In training, the model is trained to predict the exact sequence of words of a text. In other words, it is reproducing the text repeatedly for its own trainings. The by-product of this training is that it influences model weights to make the text more likely to be produced by the model -- that is its explicit goal. A perfect model would be able to reproduce the text perfectly (0 loss).

Real-world absurd example: A company hires a bunch of workers. They then give them access to millions of books and have the workers reading the books all day. The workers copy the books word by word, but after each word try to guess the next word that will appear. Eventually, they collectively become quite good at guessing the next word given a prompt text, even reproducing large swaths of text almost verbatim. The owner of company Y claims they owe nothing to the book owners, because it doesn't count as reading the book, and any reproduction is "coincidental" (even though this is the explicit task of the readers). They then use these workers to produce works to compete with the authors of the books, which they never paid for.

It seems many people feel this is "fair use" when it happens on a computer, but would call it "stealing" if I pirated all the books of JK Rowling to train myself to be a better mimicker of her style. If you feel this is still fair use, then you should agree all books should be free to everyone (as well as art, code, music, and any other training material).

▲

gruez 4 days ago | parent | next [-]

>but would call it "stealing" if I pirated all the books of JK Rowling to train myself to be a better mimicker of her style

Can you provide an example of someone being successfully sued for "mimicking style", presumably in the US judicial system?

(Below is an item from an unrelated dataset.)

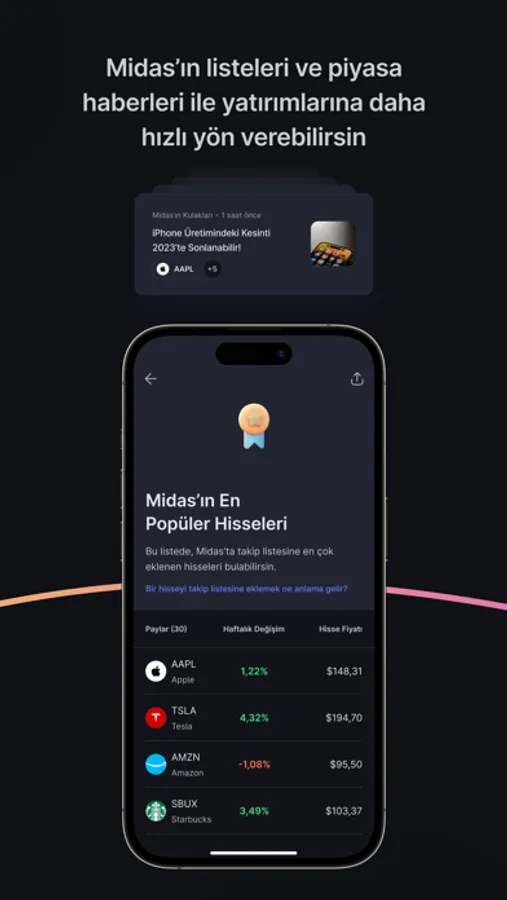 Kullanıcı dostu arayüzü ile Midas’ta hisse alım-satım işlemleri çok kolay! Midas uygulamasındaki Borsa İstanbul ve Amerikan borsalarına dair güncel içerikleri ve uzman hisse listelerini takip ederek yatırımlarına kolayca yön verebilirsin.

	▲	snowe2010 3 days ago \| parent \| next [-]
		> Second, the songs must share SUBSTANTIAL SIMILARITY, which means a listener can hear the songs side by side and tell the allegedly infringing song lifted, borrowed, or appropriated material from the original. Music has had this happen numerous times in the US. The distinction isn’t an exact replica, it’s if it could be confused for the same style. George Harrison lost a case for one of his songs. There are many others. https://ultimateclassicrock.com/george-harrison-my-sweet-lor...
	▲	program_whiz 4 days ago \| parent \| prev \| next [-]
		The damages arise from the very process of stealing material for training. The justification "yes but my training didn't cause me to directly copy the works" is faulty. I won't rehash the many arguments as to why the output is also a violation, but my point was more the absurd view that stealing and using all the data in the world isn't a problem because the output is a lossy encoding (but the explicit training objective is to reproduce the training text / image).
	▲	Retric 4 days ago \| parent \| prev [-]
		Style in an ambiguous term here as it doesn’t directly map to what’s being considered. The case between “Blurred Lines” and “Got to Give It Up” is often considered one of style and the Court of Appeals for the Ninth Circuit upheld copyright infringement. However, AI has been show to copy a lot more than what people consider style.

▲

Dylan16807 4 days ago | parent | prev [-]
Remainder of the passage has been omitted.